EXERCISE DETAILS
Retype the data below exactly; skip every image.

RECORDS FOR PROCESSING
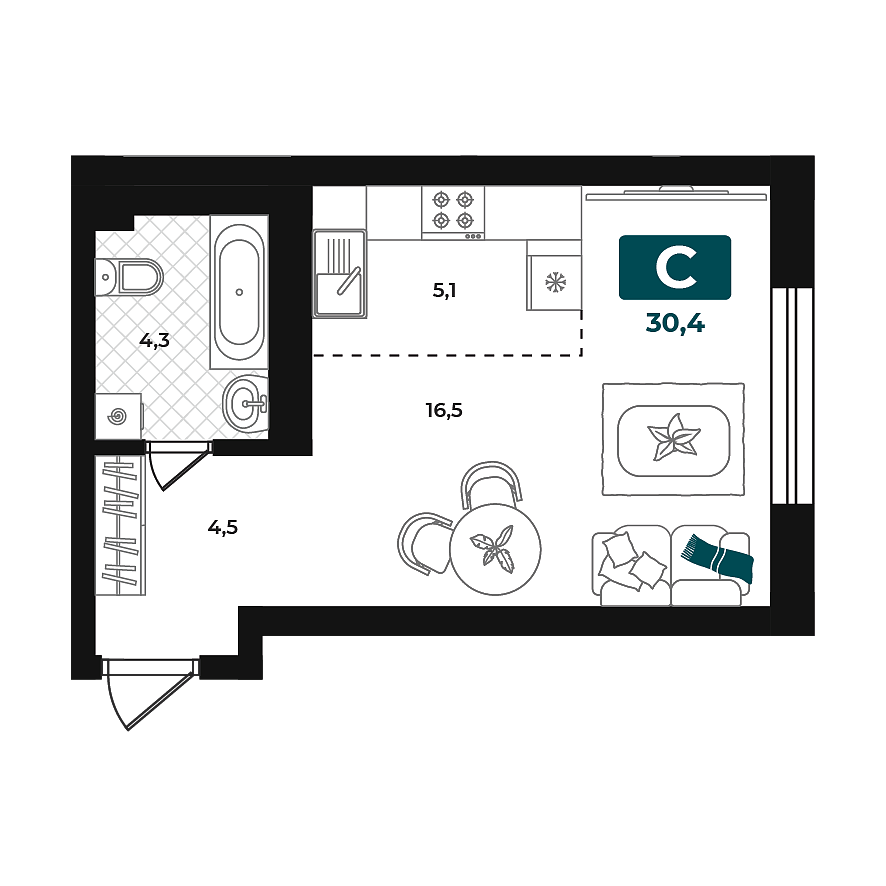 Площадь (общ/жил/кух), м2: 30.4/16.5/—
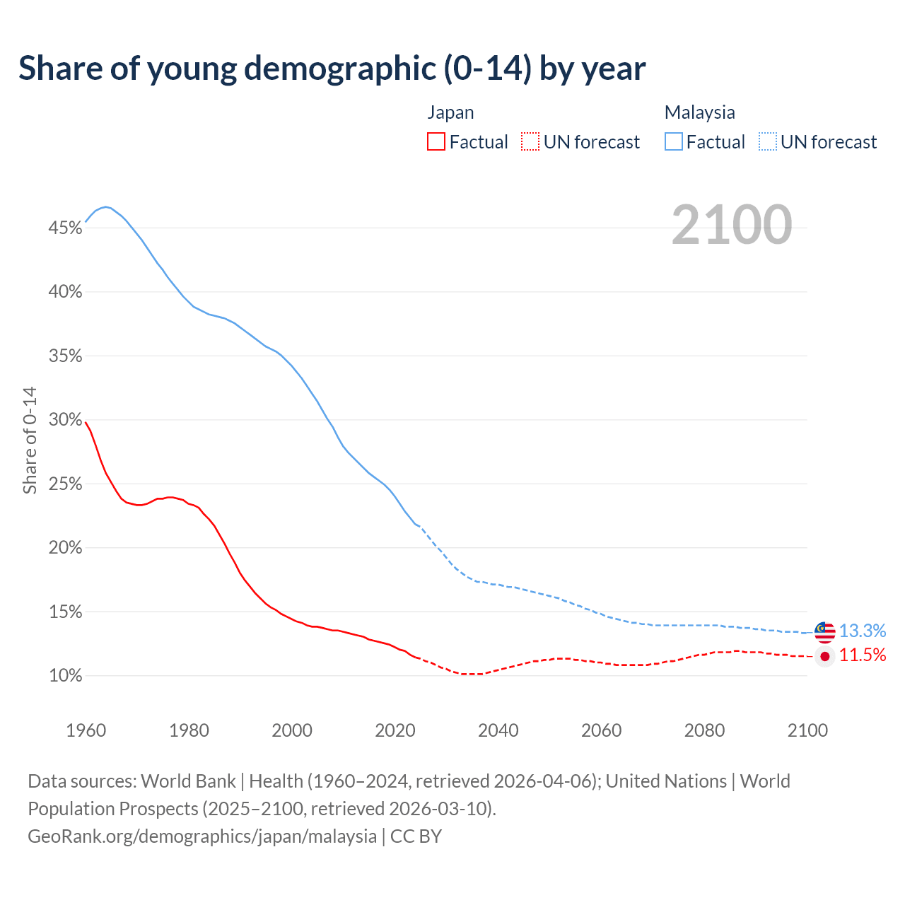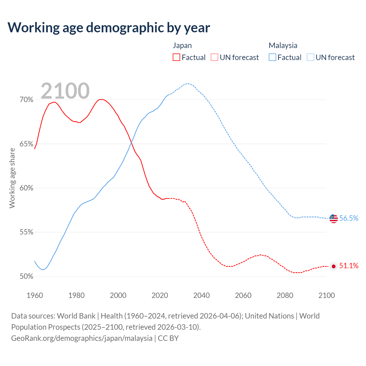 Median age Japan vs Malaysia, 1960-2100
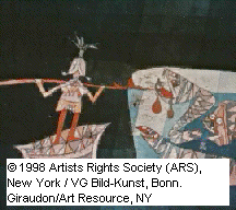 Klee, Paul (1879-1940), peintre et théoricien de l'art suisse. Fils de musiciens, Klee naquit à Münchenbuchsee, près de Berne, le 18 décembre 1879. Ses premières œuvres significatives furent des études de paysages au crayon ainsi que de nombreuses eaux-fortes en noir et blanc marquées par les esthétiques symboliste et expressionniste. En 1911, Klee entra en contact avec les artistes du Cavalier bleu (Der Blaue Reiter : Wassily Kandinsky, Franz Marc, August Macke, etc.) puis exposa avec eux à Berlin. Il rencontra également Robert Delaunay à Paris. En 1914, il voyagea avec Macke en Tunisie et y découvrit les pouvoirs de la couleur : "!C'est le moment le plus heureux de ma vie : la couleur et moi ne faisons plus qu'un. Je suis peintre.!" Aquarelliste doué, il utilisa davantage la peinture à l'huile après la guerre, privilégiant les petits formats et variant les supports, introduisant également la lettre et des signes graphiques. En 1921, il fut appelé à enseigner au Bauhaus. En 1931, il accepta la chaire de technique picturale à l'universté de Düsseldorf, dont il fut destitué par les nazis en 1933. Il s'établit alors à Berne. Affligé d'une maladie des tissus et des muscles, il ralentit sa production qui prit un caractère plus dramatique, alors qu'il en réduisait les moyens à d'épais traits noirs séparant des aplats de couleurs sombres. Klee mourut à Muralto, en Suisse, le 29 juin 1940.
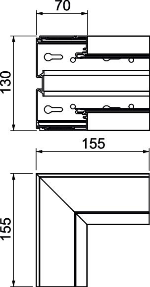 Angle range, min. 90 mm Antibacterial treatment no Cable retaining clip no CO2 Footprint (GWP) Cradle-to-Gate 12,2276 kg CO2e / 1 Piece Colour aluminium Cover mounting type Internal Cover width 79 mm Dimension 70x130x155 Duct connector no for duct dimension 70x130 for duct width 130 mm for trunking height 70 mm Halogen-free yes Height 70 mm Length 155 mm Material Aluminium Mounting perforation in base yes Number of covers 1 Permitted temperature range, max. 60 °C Permitted temperature range, min. -5 °C Protection rating IP30 Protection rating IK code IK07. Protective film yes Shape Asymmetrical Surface Anodised Version for Base Width 130 mm - All types
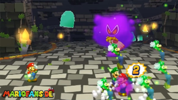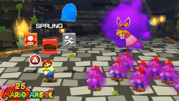 Sobald der Kampf beginnt und sich die Traum-Marios vor euch formieren, achtet ihr auf den einen, der zu Beginn in der Mitte steht. Beobachtet ganz genau, wo er hinläuft, und greift ihn anschließend mit einer Sprungattacke an. Achtung: Sollten dabei einer oder mehrere Traum-Marios durch die Luft wirbeln, dann werden euch diese kurz darauf angreifen. Genau genommen fliegen sie in hohem Tempo von schräg oben in eure Richtung, weshalb ihr ihnen durch fleißiges Springen ausweichen müsst.
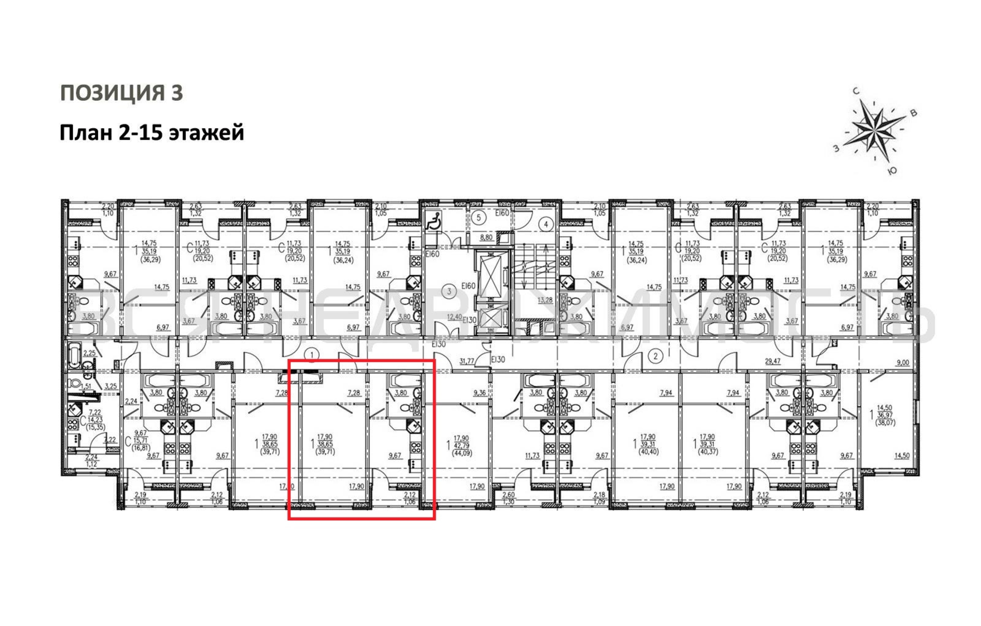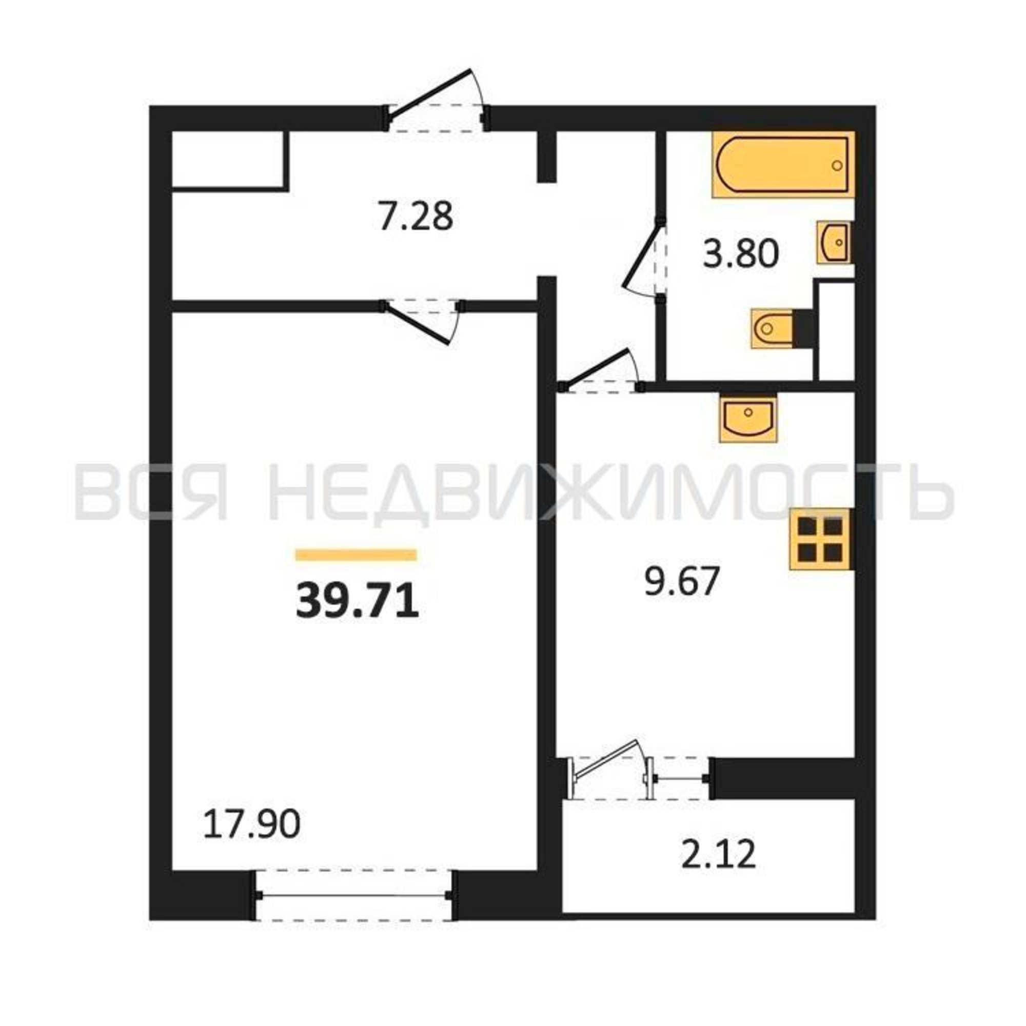 1-комнатная квартира, 39.71 м² 11/15 этаж ID объекта 100058218

RESPONSE FOR THIS EXERCISE
 Площадь (общ/жил/кух), м2: 30.4/16.5/—
 Median age Japan vs Malaysia, 1960-2100
 Klee, Paul (1879-1940), peintre et théoricien de l'art suisse. Fils de musiciens, Klee naquit à Münchenbuchsee, près de Berne, le 18 décembre 1879. Ses premières œuvres significatives furent des études de paysages au crayon ainsi que de nombreuses eaux-fortes en noir et blanc marquées par les esthétiques symboliste et expressionniste. En 1911, Klee entra en contact avec les artistes du Cavalier bleu (Der Blaue Reiter : Wassily Kandinsky, Franz Marc, August Macke, etc.) puis exposa avec eux à Berlin. Il rencontra également Robert Delaunay à Paris. En 1914, il voyagea avec Macke en Tunisie et y découvrit les pouvoirs de la couleur : "!C'est le moment le plus heureux de ma vie : la couleur et moi ne faisons plus qu'un. Je suis peintre.!" Aquarelliste doué, il utilisa davantage la peinture à l'huile après la guerre, privilégiant les petits formats et variant les supports, introduisant également la lettre et des signes graphiques. En 1921, il fut appelé à enseigner au Bauhaus. En 1931, il accepta la chaire de technique picturale à l'universté de Düsseldorf, dont il fut destitué par les nazis en 1933. Il s'établit alors à Berne. Affligé d'une maladie des tissus et des muscles, il ralentit sa production qui prit un caractère plus dramatique, alors qu'il en réduisait les moyens à d'épais traits noirs séparant des aplats de couleurs sombres. Klee mourut à Muralto, en Suisse, le 29 juin 1940.
 Angle range, min. 90 mm Antibacterial treatment no Cable retaining clip no CO2 Footprint (GWP) Cradle-to-Gate 12,2276 kg CO2e / 1 Piece Colour aluminium Cover mounting type Internal Cover width 79 mm Dimension 70x130x155 Duct connector no for duct dimension 70x130 for duct width 130 mm for trunking height 70 mm Halogen-free yes Height 70 mm Length 155 mm Material Aluminium Mounting perforation in base yes Number of covers 1 Permitted temperature range, max. 60 °C Permitted temperature range, min. -5 °C Protection rating IP30 Protection rating IK code IK07. Protective film yes Shape Asymmetrical Surface Anodised Version for Base Width 130 mm - All types
 Sobald der Kampf beginnt und sich die Traum-Marios vor euch formieren, achtet ihr auf den einen, der zu Beginn in der Mitte steht. Beobachtet ganz genau, wo er hinläuft, und greift ihn anschließend mit einer Sprungattacke an. Achtung: Sollten dabei einer oder mehrere Traum-Marios durch die Luft wirbeln, dann werden euch diese kurz darauf angreifen. Genau genommen fliegen sie in hohem Tempo von schräg oben in eure Richtung, weshalb ihr ihnen durch fleißiges Springen ausweichen müsst.
 1-комнатная квартира, 39.71 м² 11/15 этаж ID объекта 100058218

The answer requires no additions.